___ INFORMATION SHOWN ___

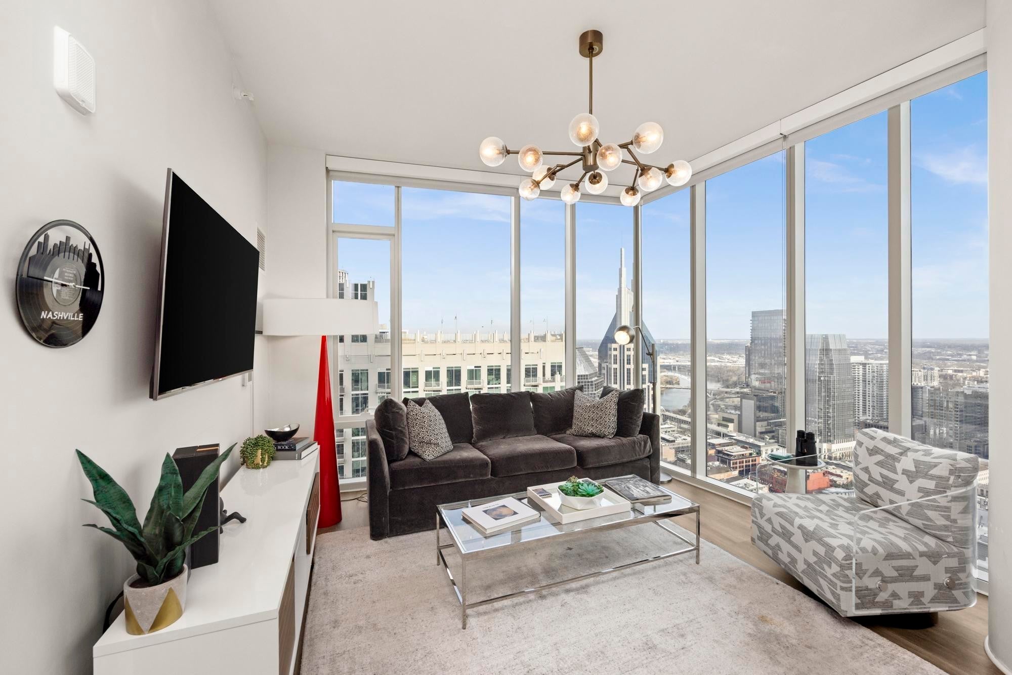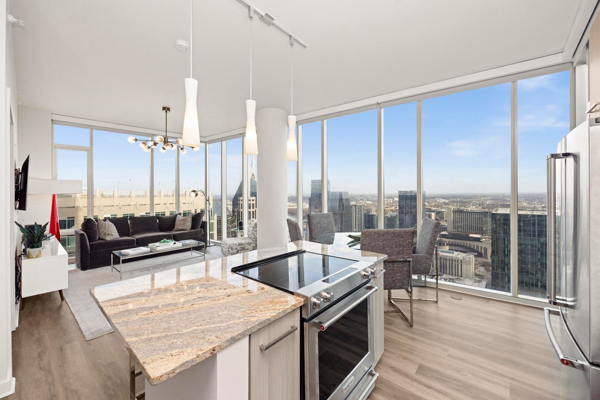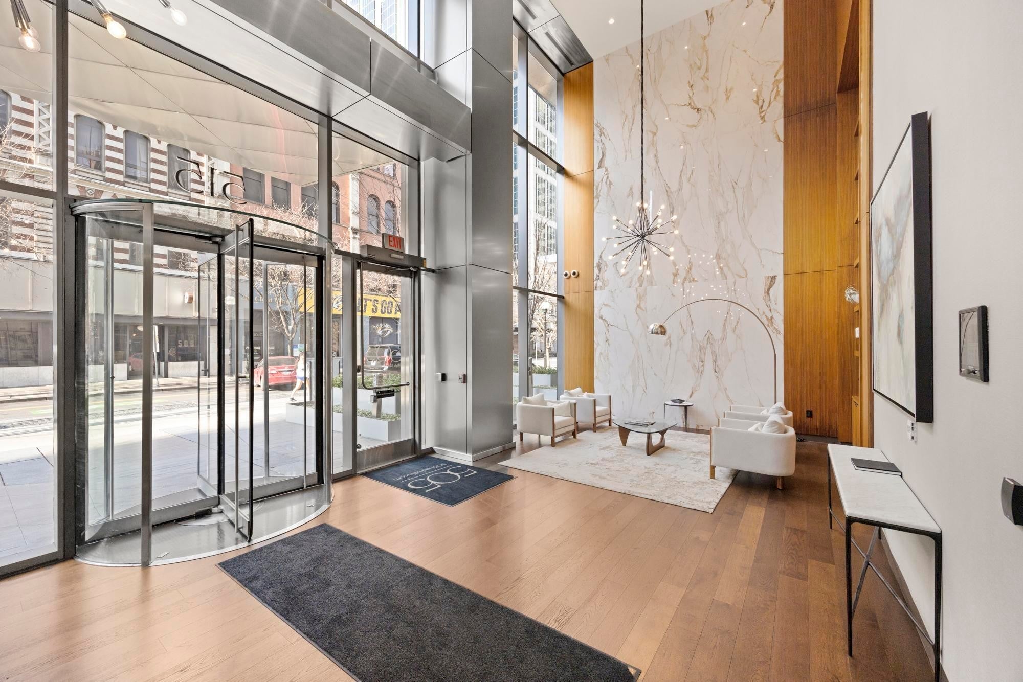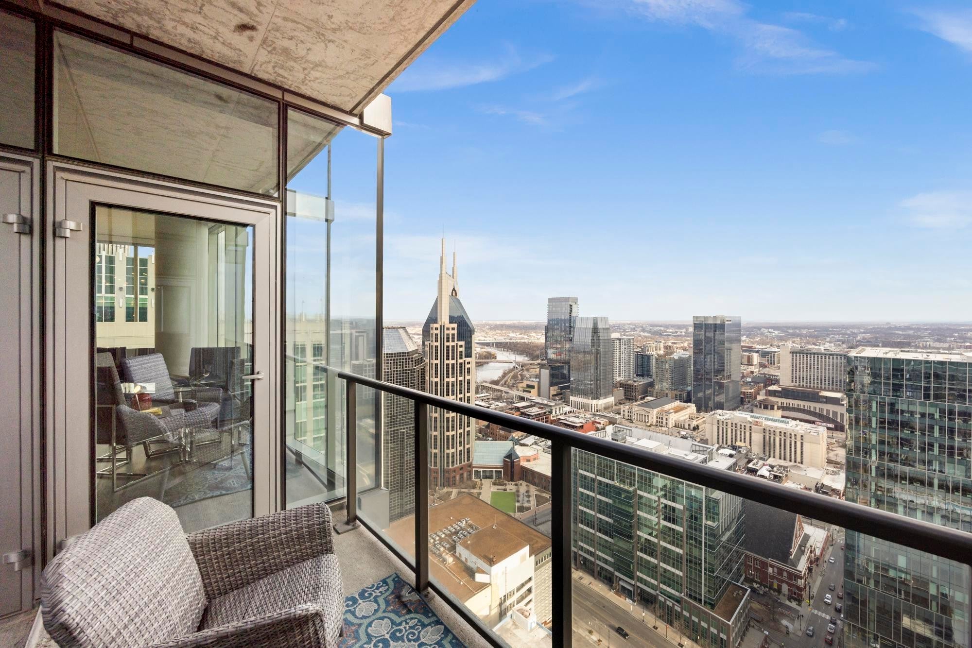 CORNER UNIT WITH BALCONY!! Rare offering on the coveted Southeast corner of the 505 Tower with floor to ceiling windows providing spectacular views of downtown Nashville and a front row seat to the city's many firework displays. This condo will convey furnished with Mitchell Gold designs. In addition, the condo has brand new flooring in the entry, kitchen, and living area. Both bedrooms are ensuite with large walk in closets. Private parking area is located on B1, with easy access to the elevator. The 505 Tower is perfectly situated with direct access to all things Nashville--Ryman Auditorium, Bridgestone Arena, Nissan Stadium, 5th and Broad/Assembly Hall, Broadway, the newly renovated Arcade, and Nashville Yards. Exterior amenities include a resort style pool with cabanas, tennis court, pickleball court, and dog park. Interior amenities include a private owners’ lounge, state-of-the-art fitness center, private training center, massage room, private Italian-inspired wine/dining room, 24 hour coffee bar, and a catering kitchen/dining room.
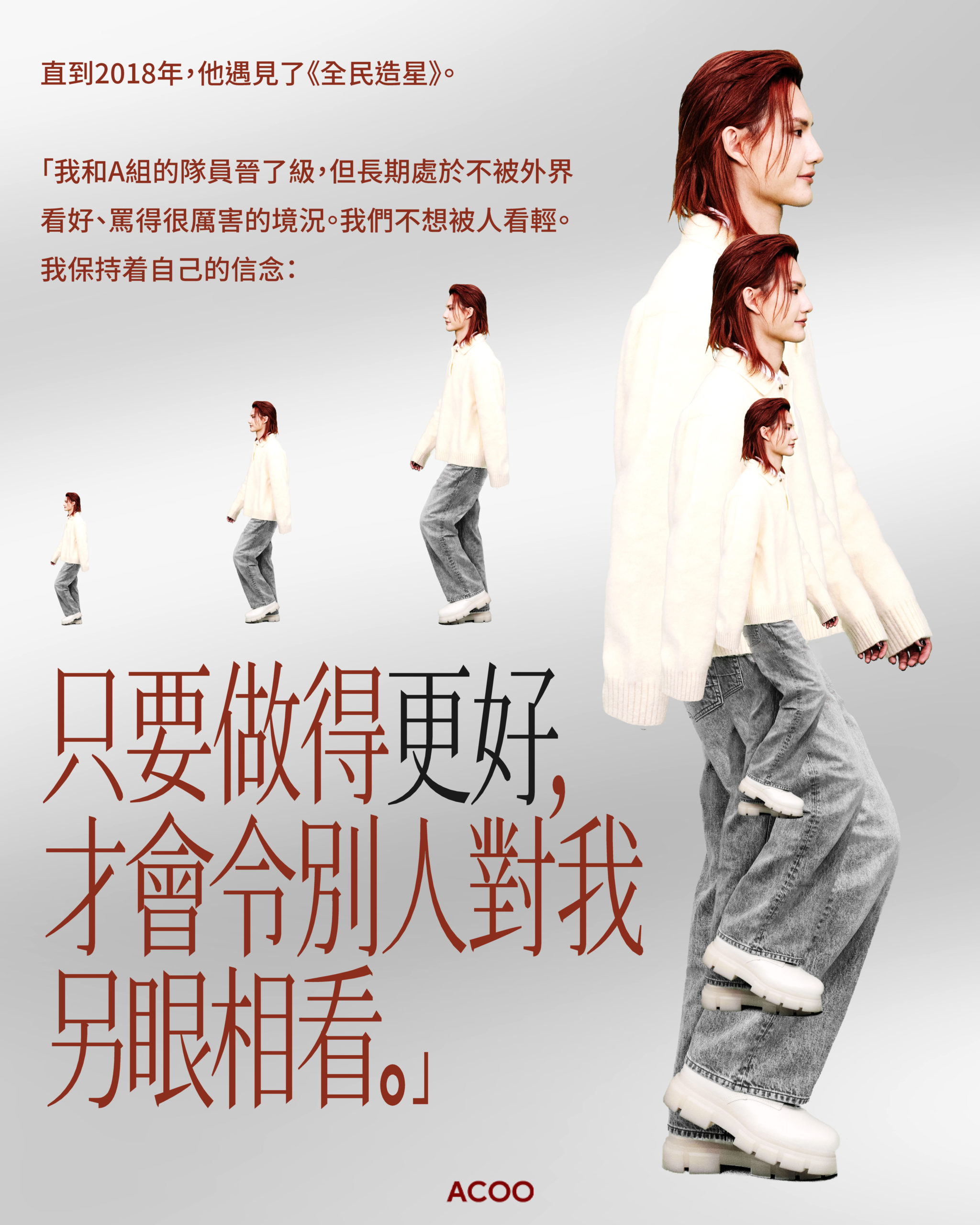 「以前我真的『唔識死』,不知道哪來的自信,根本沒有認真上課過,膽粗粗就去不同地方參加audition。甚麼都不懂,就以為自己會選得上。到我真正意識到自己的不足時,已經18歲了。」在參與了大大小小差不多20次選秀後,他心想,似乎是時候放棄了吧?但好像不太甘心。讀大專時,他突然又遇到一個機會——到內地當練習生,「總覺得,自己好似仍然未想放棄呢。」
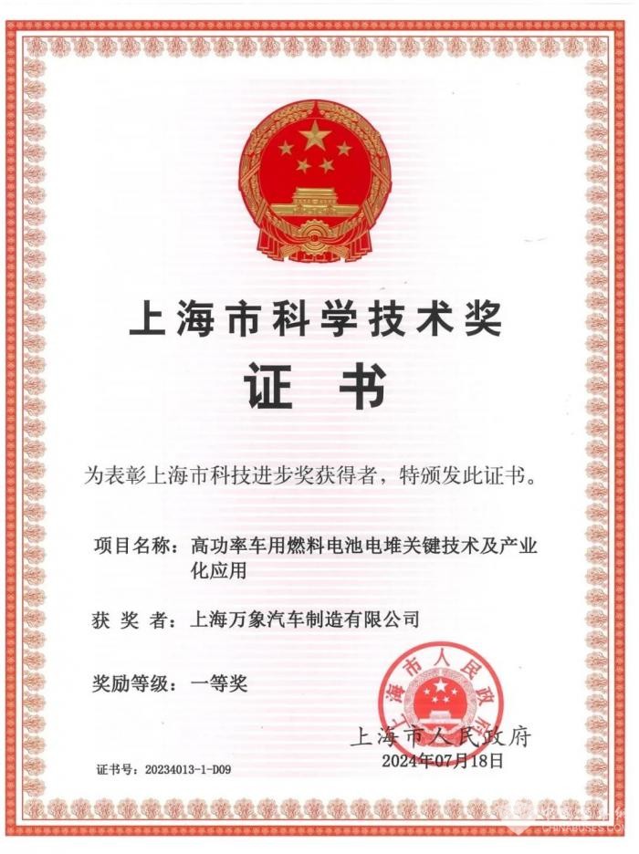 2024年10月23日,2023年度上海市科学技术奖公布,由上海万象汽车制造有限公司与上海交通大学等10家单位共同完成的《高功率车用燃料电池电堆关键技术及产品化应用》项目获2023年度上海市科技进步奖一等奖。
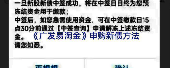 要在广发易淘金中申购新股或新债,用户需打开广发易淘金APP,登录后进入“交易”页面,点击“新股新债”选项。接着,选择“普通账户申购”,勾选要申购的新股或新债,点击“立即申购”或“新股申购”按钮,并按提示完成后续操作即可。
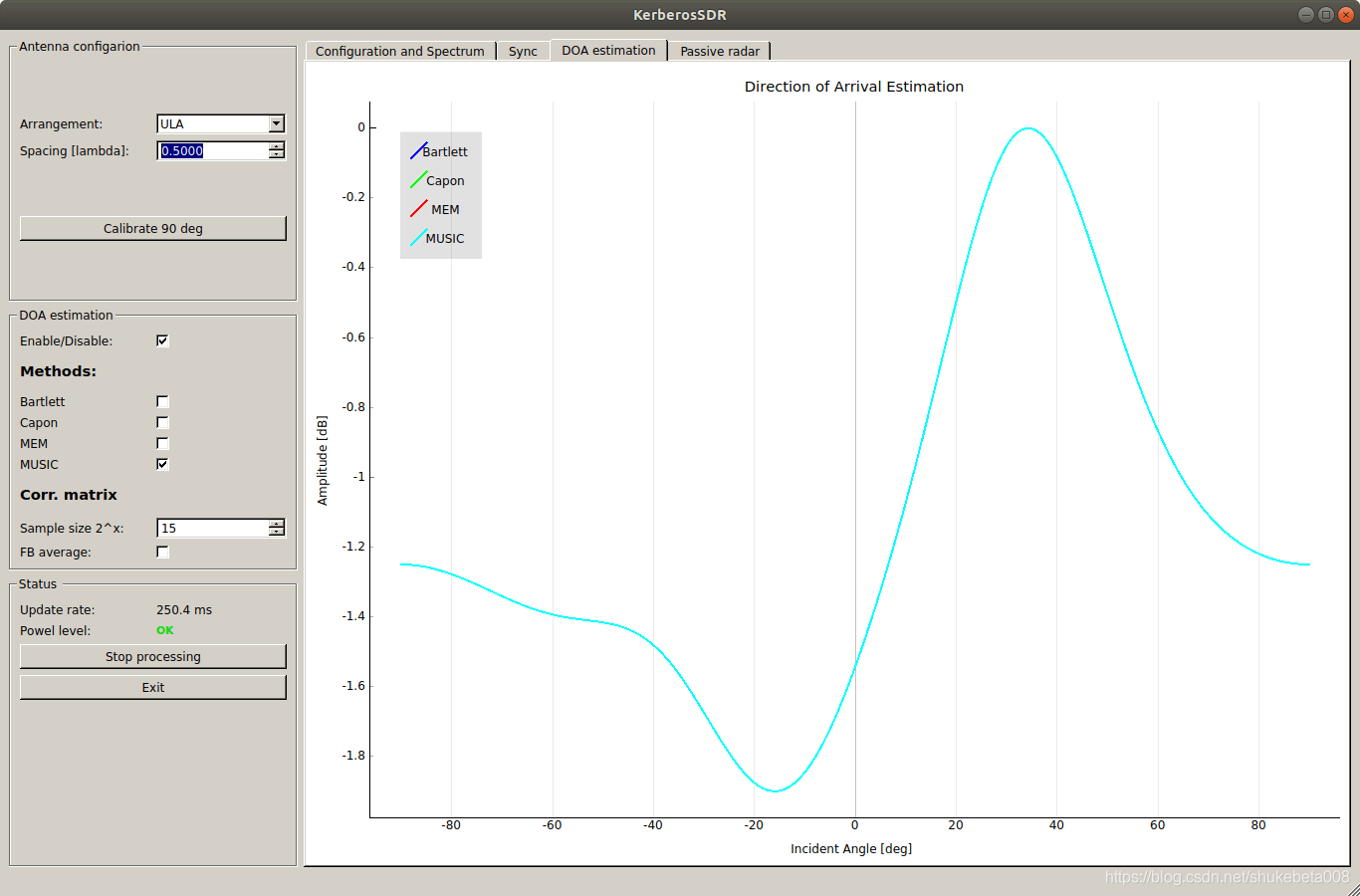 先选择ULA(均匀线阵)还是UCA(均匀圆阵),Spacing里填写的值是根据天线间距和中心频率换算出来的,最佳值是0.33,但在0.1~0.5范围内都是可以的。然后选择一个DOA算法,效果最好的是MUSIC算法。这样你就能看到图像了,最高值对应的横坐标就是测出的角度。UCA可以分清平面内0~360度的角度,ULA只能分清0~180度的,分不清前后,但是ULA受多径效应影响比UCA小,如果用ULA,可以打开FB average模式,进一步减少多径影响,但是kerberos的安卓APP的定位功能只支持UCA,所以我一般使用UCA。
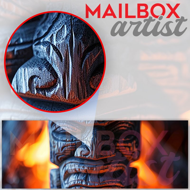 This Woodblock Tiki 2 mailbox design was created by Krisztina Soos
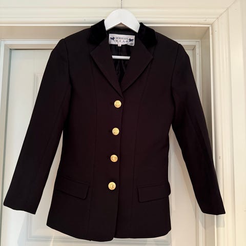 Sort ridejakke til stevne. Str 164. Pent brukt.
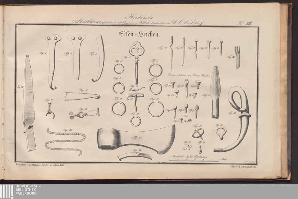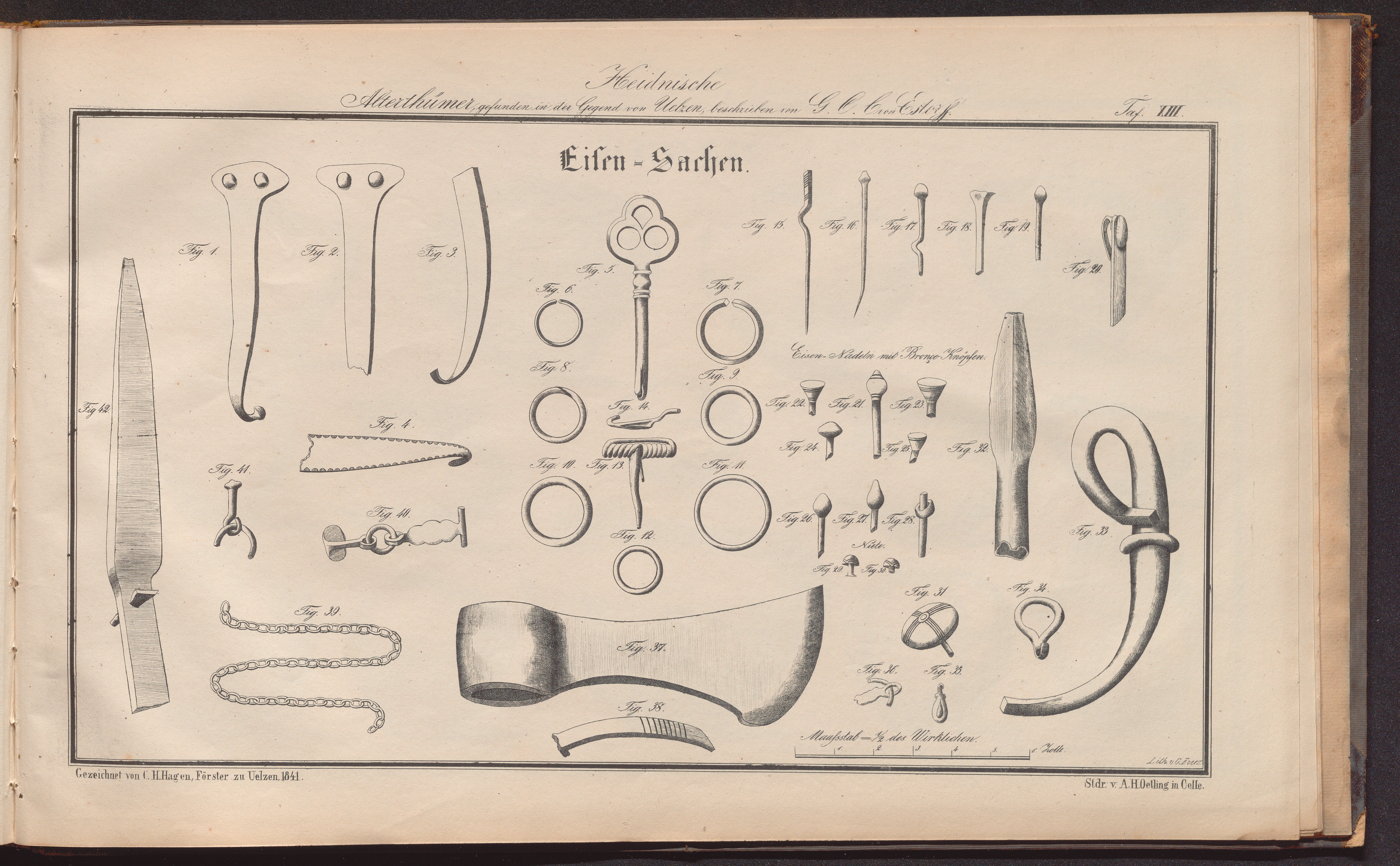 Heidnische Alterthümer der Gegend von Uelzen im ehemaligen Bardengaue (Königreich Hannover) : Mit einem Atlasse von 16 Tafeln und einer illuminirten archäologischen Karte / von G. O. Carl von Estorff
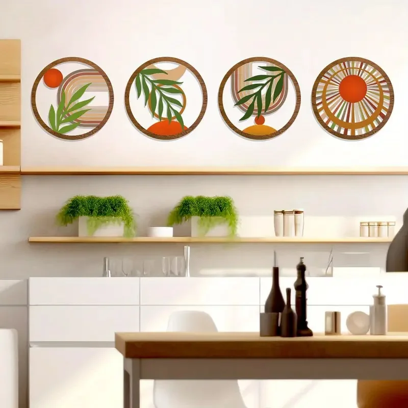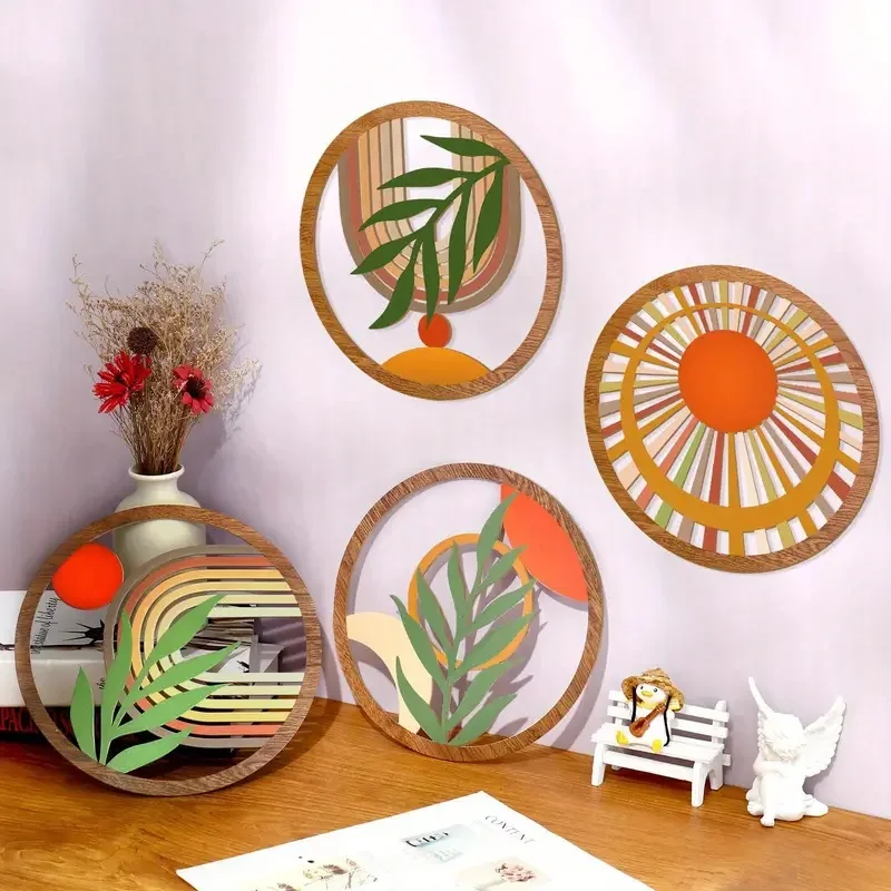Décorations murales bohème en bois, 4 pièces, Design creux suspendu pour salon, chambre à coucher, cour, pièces décoratives uniques
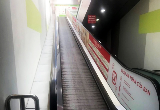 Thang cuốn tại siêu thị, nơi xe hàng trượt xuống tông chết cụ bà. Ảnh: Khánh Hương
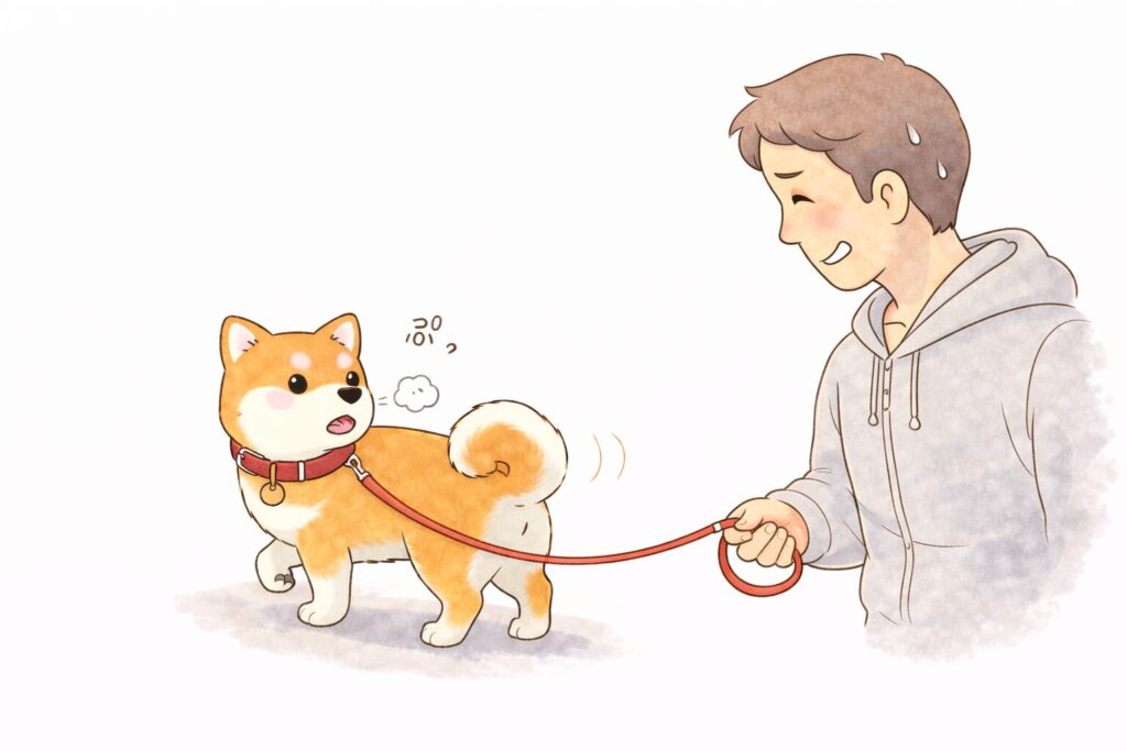 尻尾はゆるやかに振られ、「どうするの?」と言わんばかりの顔だ。

___

BRIEF ▸ Output exactly the lines above that lie between the line with "2024年10月23日,20" and the line with "要在广发易淘金中申购新股或新", those two lines included, and no pictures.

WRITTEN ANSWER ▸
 2024年10月23日,2023年度上海市科学技术奖公布,由上海万象汽车制造有限公司与上海交通大学等10家单位共同完成的《高功率车用燃料电池电堆关键技术及产品化应用》项目获2023年度上海市科技进步奖一等奖。
 要在广发易淘金中申购新股或新债,用户需打开广发易淘金APP,登录后进入“交易”页面,点击“新股新债”选项。接着,选择“普通账户申购”,勾选要申购的新股或新债,点击“立即申购”或“新股申购”按钮,并按提示完成后续操作即可。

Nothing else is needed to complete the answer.